§ WORK TO COMPLETE: When a record contains an image, skip the image and retype the rest of that record exactly.

(Source records)
○ ○ ○

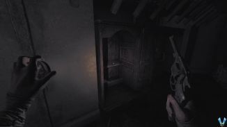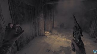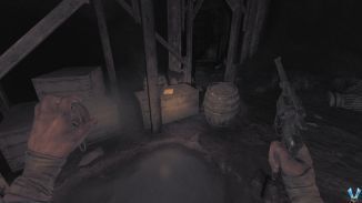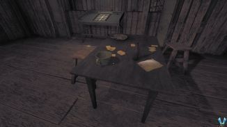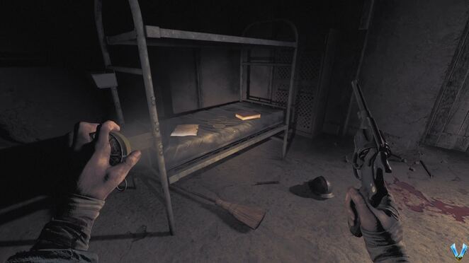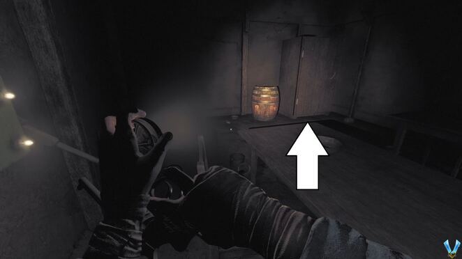 돌아다니며 몸을 웅크리고 탁자 아래로 가면 선반 위에 수류탄 두 개가 놓여 있습니다. 그것들을 집어 들고 인벤토리를 통해 장비하고 마지막에 있는 나무 문에 그 중 하나를 던져야 합니다. 그렇게하고 멀리 이동하여 날려 버리십시오.
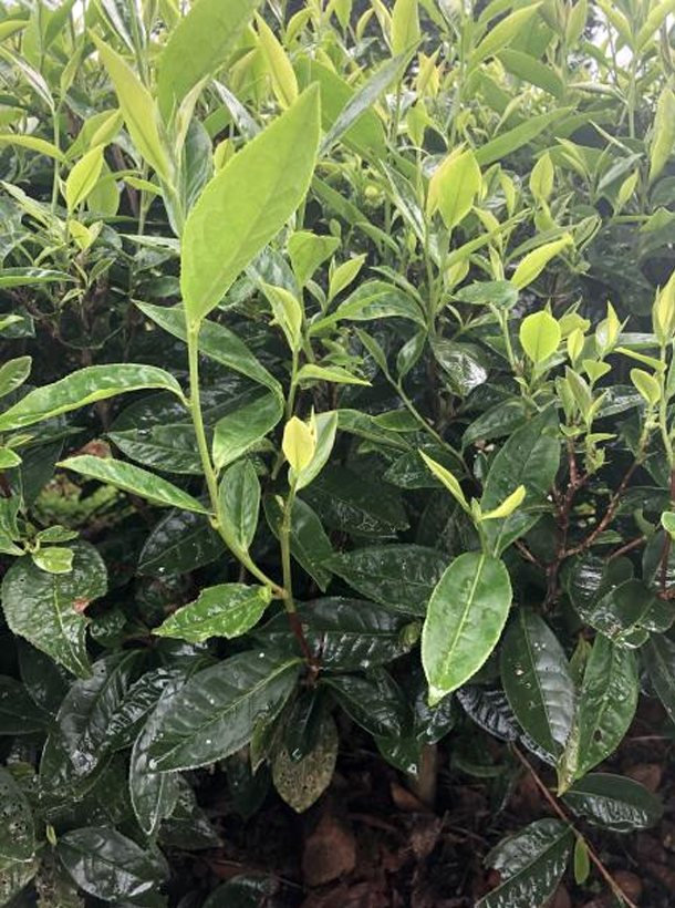 【性狀特征】茶樹無(wú)性系品種之一,葉長(zhǎng)橢圓形,葉色黃綠,有光澤,葉面較平,葉尖漸尖,葉質(zhì)較柔軟,芽葉黃綠色。灌木型,中葉類,樹姿半開展,葉長(zhǎng)9.2cm,葉寬3.3cm,葉面平整葉色黃綠,分枝密度適中,葉著生上斜。3月中旬萌芽,4月中旬開采?;ü陂L(zhǎng)寬為3×31mm?;ò?/span>6-8片,花萼無(wú)毛,抗逆性強(qiáng)。
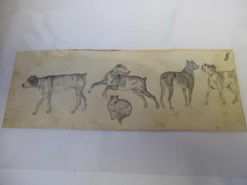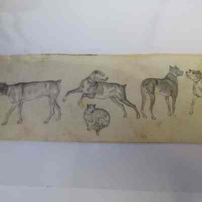 This sketch depicts four dogs playfully running and playing. Also included is a cat who doesn't look very sure of the situation around it.Collection
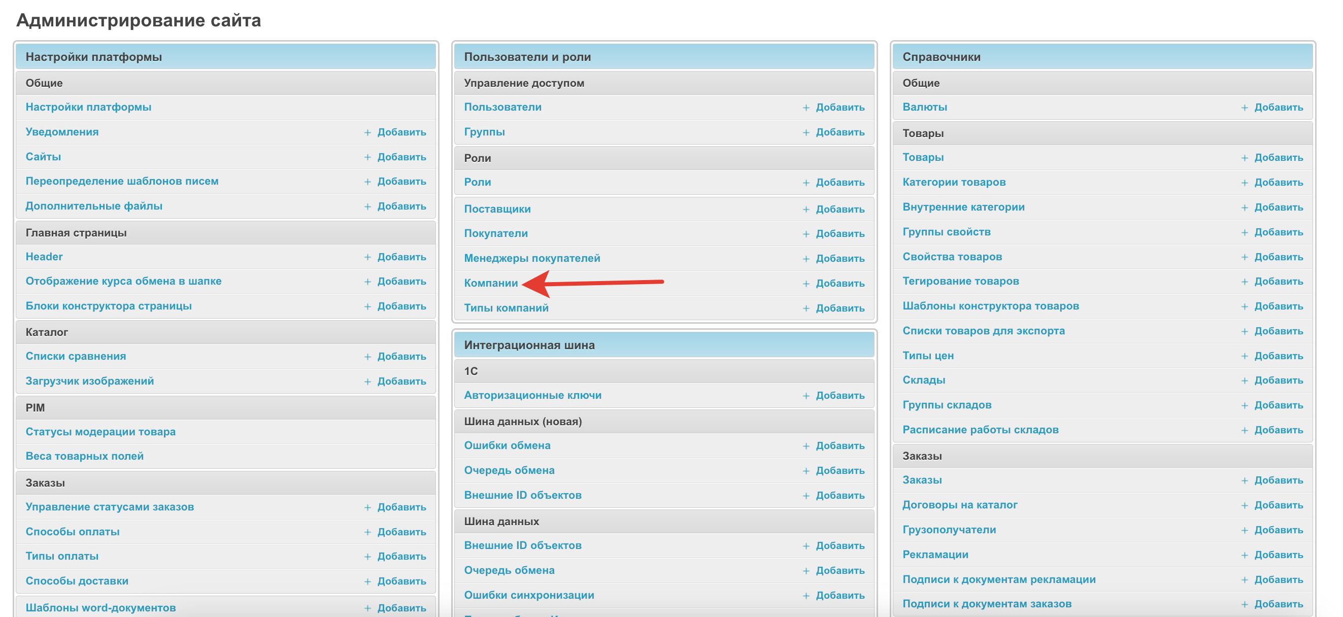 Для перехода в раздел нажмите на Компании в панели администратора.
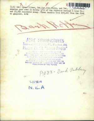 1950 Press Photo Det. Lymen Oliver, Det Sgt. John Roddy examines guns in hold up
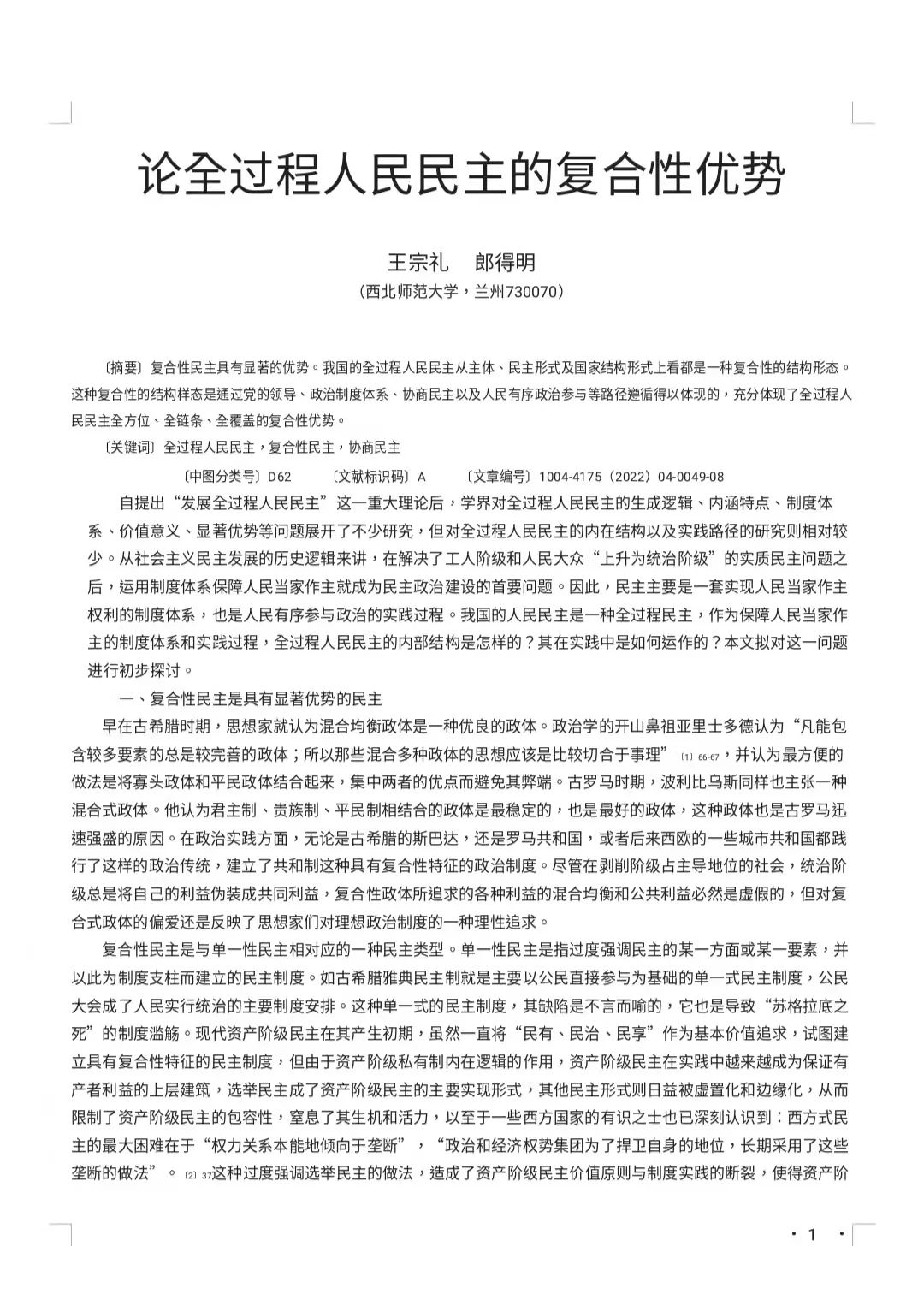 今日推文来源:《理论探索》2022年第4期发表德赢vwin体育官网登录王宗礼教授文章《论全过程人民民主的复合性优势》。
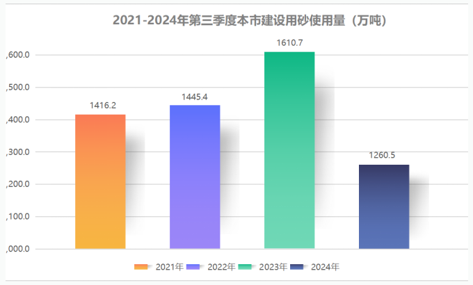 2、2024年第三季度本市建設用砂合計使用量1260.5萬噸,同比2023年三季度的使用量1610.7萬噸,減少了21.7%。2024年1~3季度本市建設用砂合計使用量3711.3萬噸,同比2023年1~3季度的使用量減少了13.6%。
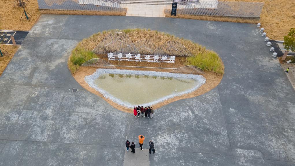 2025年12月21日,游客在凌家滩遗址博物馆外拍照留念(无人机照片)。
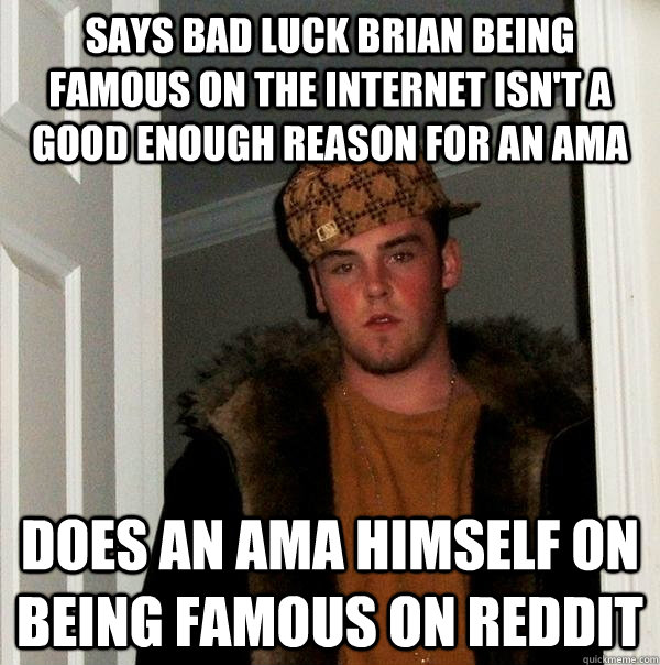 Says Bad Luck Brian being famous on the internet isn't a good enough reason for an AMA Does an ama himself on being famous on reddit
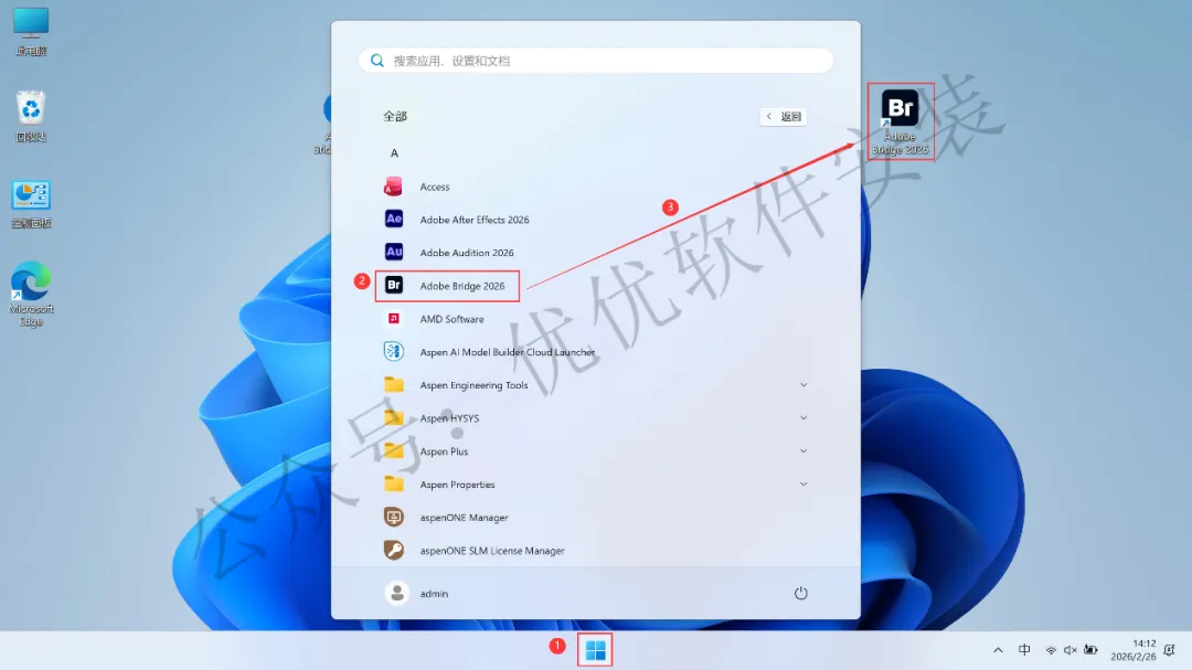 7、回到桌面,回到桌面,点击任务栏的【开始菜单】,在【所有应用】中找到【Adobe Bridge 2026软件图标】,将软件图标拖到桌面上,完成软件桌面快捷方式的创建

○ ○ ○

§ ANSWER BELOW:
 돌아다니며 몸을 웅크리고 탁자 아래로 가면 선반 위에 수류탄 두 개가 놓여 있습니다. 그것들을 집어 들고 인벤토리를 통해 장비하고 마지막에 있는 나무 문에 그 중 하나를 던져야 합니다. 그렇게하고 멀리 이동하여 날려 버리십시오.
 【性狀特征】茶樹無(wú)性系品種之一,葉長(zhǎng)橢圓形,葉色黃綠,有光澤,葉面較平,葉尖漸尖,葉質(zhì)較柔軟,芽葉黃綠色。灌木型,中葉類,樹姿半開展,葉長(zhǎng)9.2cm,葉寬3.3cm,葉面平整葉色黃綠,分枝密度適中,葉著生上斜。3月中旬萌芽,4月中旬開采?;ü陂L(zhǎng)寬為3×31mm?;ò?/span>6-8片,花萼無(wú)毛,抗逆性強(qiáng)。
 This sketch depicts four dogs playfully running and playing. Also included is a cat who doesn't look very sure of the situation around it.Collection
 Для перехода в раздел нажмите на Компании в панели администратора.
 1950 Press Photo Det. Lymen Oliver, Det Sgt. John Roddy examines guns in hold up
 今日推文来源:《理论探索》2022年第4期发表德赢vwin体育官网登录王宗礼教授文章《论全过程人民民主的复合性优势》。
 2、2024年第三季度本市建設用砂合計使用量1260.5萬噸,同比2023年三季度的使用量1610.7萬噸,減少了21.7%。2024年1~3季度本市建設用砂合計使用量3711.3萬噸,同比2023年1~3季度的使用量減少了13.6%。
 2025年12月21日,游客在凌家滩遗址博物馆外拍照留念(无人机照片)。
 Says Bad Luck Brian being famous on the internet isn't a good enough reason for an AMA Does an ama himself on being famous on reddit
 7、回到桌面,回到桌面,点击任务栏的【开始菜单】,在【所有应用】中找到【Adobe Bridge 2026软件图标】,将软件图标拖到桌面上,完成软件桌面快捷方式的创建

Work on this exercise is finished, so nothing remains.